[Start of Attachment]
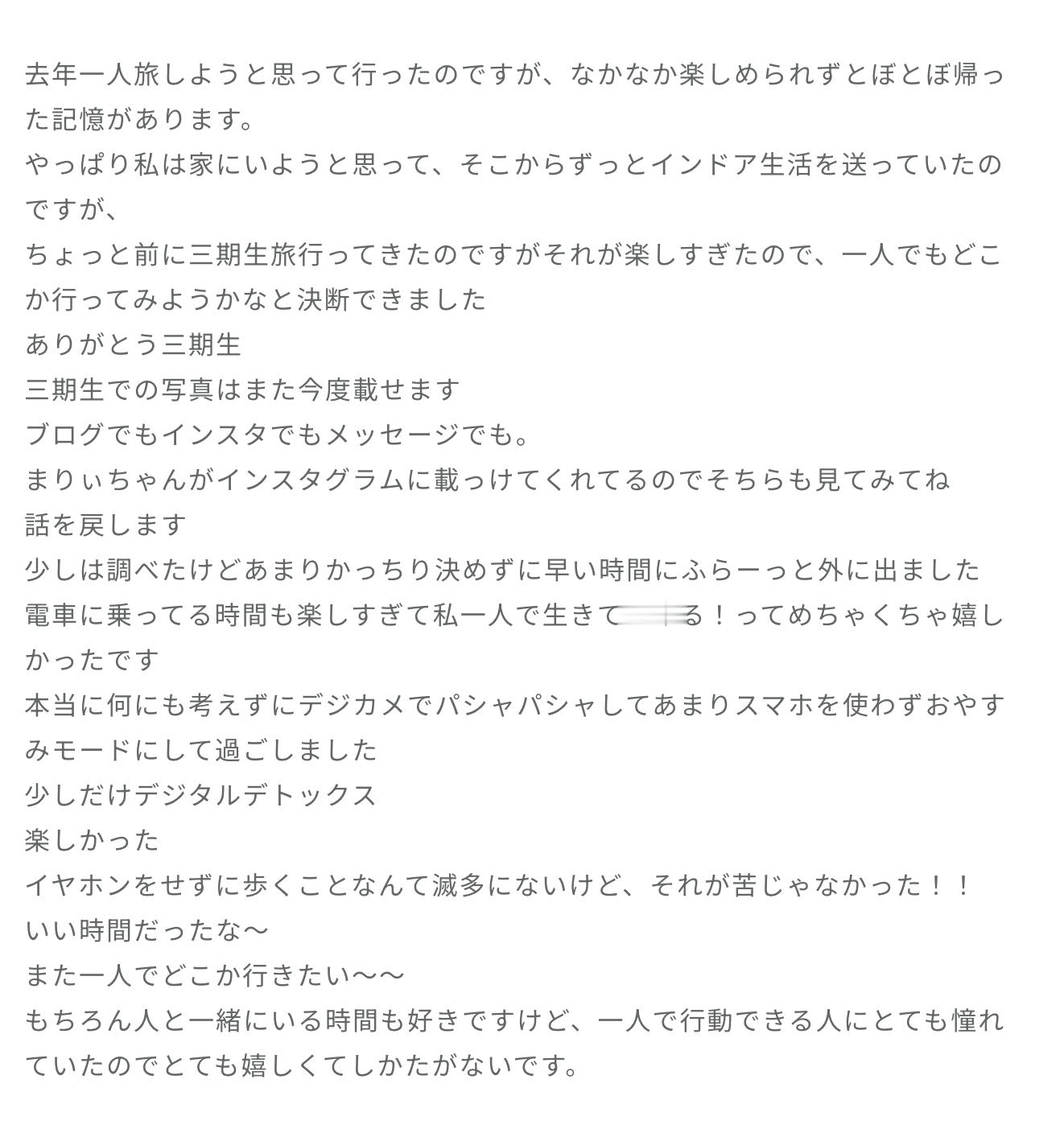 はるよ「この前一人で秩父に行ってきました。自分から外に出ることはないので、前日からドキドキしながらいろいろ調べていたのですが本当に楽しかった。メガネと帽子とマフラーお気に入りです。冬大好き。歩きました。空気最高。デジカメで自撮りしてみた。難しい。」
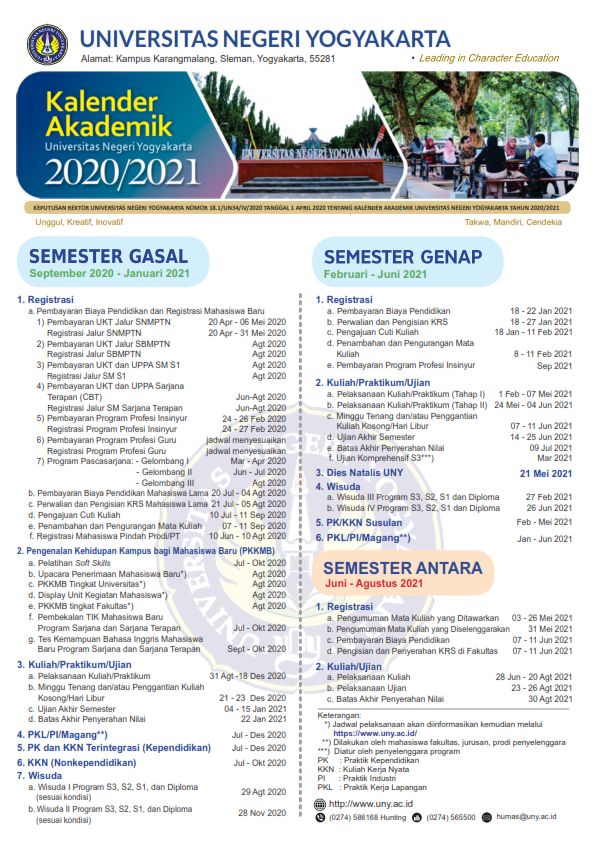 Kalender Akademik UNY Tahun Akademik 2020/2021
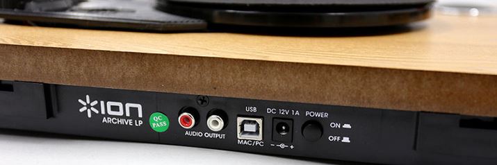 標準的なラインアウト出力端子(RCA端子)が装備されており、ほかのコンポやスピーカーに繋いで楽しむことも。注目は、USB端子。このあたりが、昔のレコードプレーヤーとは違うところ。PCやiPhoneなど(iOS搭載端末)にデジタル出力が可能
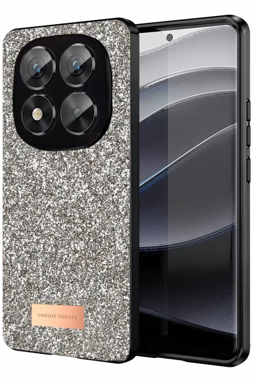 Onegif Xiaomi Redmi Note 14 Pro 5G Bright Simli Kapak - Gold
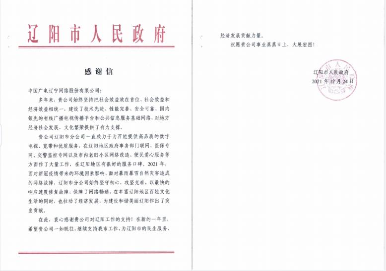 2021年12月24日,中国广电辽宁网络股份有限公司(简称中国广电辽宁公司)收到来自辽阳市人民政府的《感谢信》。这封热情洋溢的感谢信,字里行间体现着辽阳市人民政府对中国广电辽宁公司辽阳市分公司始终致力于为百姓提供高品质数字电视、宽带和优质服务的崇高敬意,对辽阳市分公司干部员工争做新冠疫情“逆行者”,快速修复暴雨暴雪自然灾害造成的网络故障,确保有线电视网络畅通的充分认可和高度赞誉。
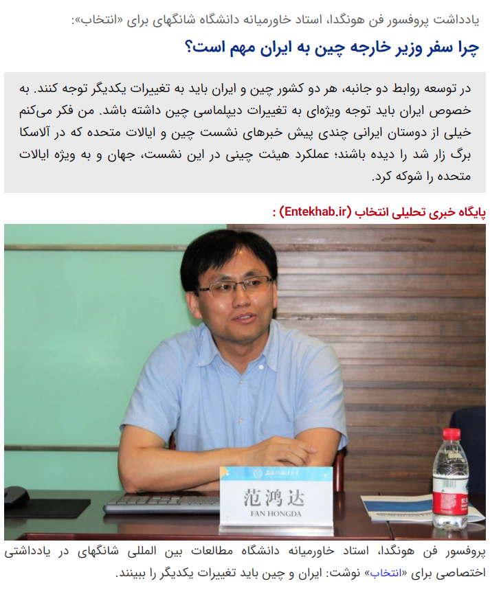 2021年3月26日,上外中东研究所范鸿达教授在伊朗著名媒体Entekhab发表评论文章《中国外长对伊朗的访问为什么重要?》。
[End of Attachment]
* _What the task asks_: Once you reach the line containing "Kalender Akademik UNY", print it and every line after it exactly, through the end of the entries, without any pictures.

* _Response to the exercise_:
 Kalender Akademik UNY Tahun Akademik 2020/2021
 標準的なラインアウト出力端子(RCA端子)が装備されており、ほかのコンポやスピーカーに繋いで楽しむことも。注目は、USB端子。このあたりが、昔のレコードプレーヤーとは違うところ。PCやiPhoneなど(iOS搭載端末)にデジタル出力が可能
 Onegif Xiaomi Redmi Note 14 Pro 5G Bright Simli Kapak - Gold
 2021年12月24日,中国广电辽宁网络股份有限公司(简称中国广电辽宁公司)收到来自辽阳市人民政府的《感谢信》。这封热情洋溢的感谢信,字里行间体现着辽阳市人民政府对中国广电辽宁公司辽阳市分公司始终致力于为百姓提供高品质数字电视、宽带和优质服务的崇高敬意,对辽阳市分公司干部员工争做新冠疫情“逆行者”,快速修复暴雨暴雪自然灾害造成的网络故障,确保有线电视网络畅通的充分认可和高度赞誉。
 2021年3月26日,上外中东研究所范鸿达教授在伊朗著名媒体Entekhab发表评论文章《中国外长对伊朗的访问为什么重要?》。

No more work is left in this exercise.